Before everything else, getting ready is the secret of success.
Henry Ford.

Many of us doing Agile do not understand that it is primarily business mindset, rather than just another methodology to deliver software. Balance and sustainability of constructive conflict (key driver of any prosperous business) is the secret sauce to implement Agile successfully.
Let me explain it from practical business perspective. I will drift away from IT and software now…

Imagine you’re running business delivering…. car repair services to your customers.

It is your interest to deliver services fast and having quality in, so that you retain your customers and attract more (as it’s known that satisfied customer may bring 1 or 2 others, while dissatisfied one may stop other 8 coming to you). On one hand the more services you deliver, the more money you get, so you will push for more. But if you start pushing harder than your team is capable of, your service quality will start to suffer and this will obviously cause problems with your customers.

So you will try to get as much as possible given your conditions, while keeping quality in.

Now let us look at it from your customers perspective…

They want to have their car repaired cheap, fast with quality in. When you say your’re busy this week and cannot take their car, they will consider someone else’s services, rather then agree waiting that log (reality of market competition);

So, there is conflict of interests and mismatch between demand and offer.

It drives 2 things:

  • Your business development (we need to improve our service to deliver faster/more/cheaper);
  • Your customer’s expectations (maybe these repairs are not doable that fast/that much/that cheap);

Two consequences out of that:

  • When there is no demand, why should you care to do more/faster/cheaper?
  • When there is no chance to change your customers expectations either you’re doing poor job or your customer won’t likely get any better services with reasonable price anywhere else (task for your client managers to drive customer’s expectations).

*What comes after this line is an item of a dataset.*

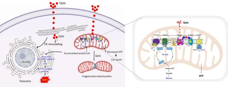 然而,南京农业大学杀菌剂生物学研究团队最近研究发现,QoIs杀菌剂亚致死剂量处理会增强小麦赤霉病菌DON毒素合成能力,提高小麦的毒素污染水平。近日,以青年教师段亚冰副教授为第一作者,周明国教授为通讯作者的《Quinone outside inhibitors affect DON biosynthesis, mitochondrial structure and toxisome formation in Fusarium graminearum》研究论文在国际前沿学术期刊Journal of HazardousMaterials上发表。该研究发现QoIs杀菌剂可上调能量代谢中的乙酰辅酶A生物合成,提供更多的次生代谢物生物合成前体,促进了赤霉病菌DON毒素的生物合成。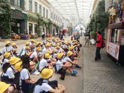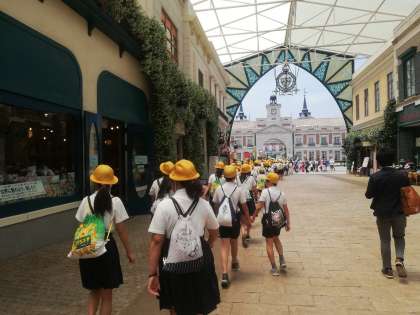 スペイン村に到着しました。チケット・パンフレット等を受け取って先生の指示・説明を聞きます。そして集合写真を撮って、班行動開始です。

So mismatch of those two creates conflict of interests that drives change.

The art is to understand to what extent you’re capable to improve things at your business given your current circumstances, while managing your customers expectations in the way to have control over gap between your offer and your customer’s demand.

Controlling this implies another important thing: ability to recognize challenge that you will fail taking (you should constructively resist) and challenge you’re able to overcome (and should take) to improve and continue managing “the gap”.

If you do not understand this you will end up bad. Either you will not be able to deliver quality in to your customers or you will be “beaten” by your competitors. In both cases you will end up being out of business :(.

Now let’s come back from cars to software and Agile

Customer is Product Owner (PO), while your business is your development team. The more you think business-wise and consider your team a business the better your team will be satisfying your PO.

So it is as easy as managing just 2 things:

  • Your PO’s expectations;
  • You development (quality and predictability);

Agile is just business common-sense mindset, nothing else! So to implement it right start from considering that you run a business in a highly competitive market with goal to satisfy your customer.

And mind that there is difference between pleasing and satisfying your customer, so argue, stand for your point, do not let compromise quality, do never over-commit, protect your ability to deliver, manage expectations, and … satisfy. If you do not follow these simple business rules and will focus on just pleasing your customer (or PO) just as in business you will end up not being able to manage what you’re responsible for – QUALITY.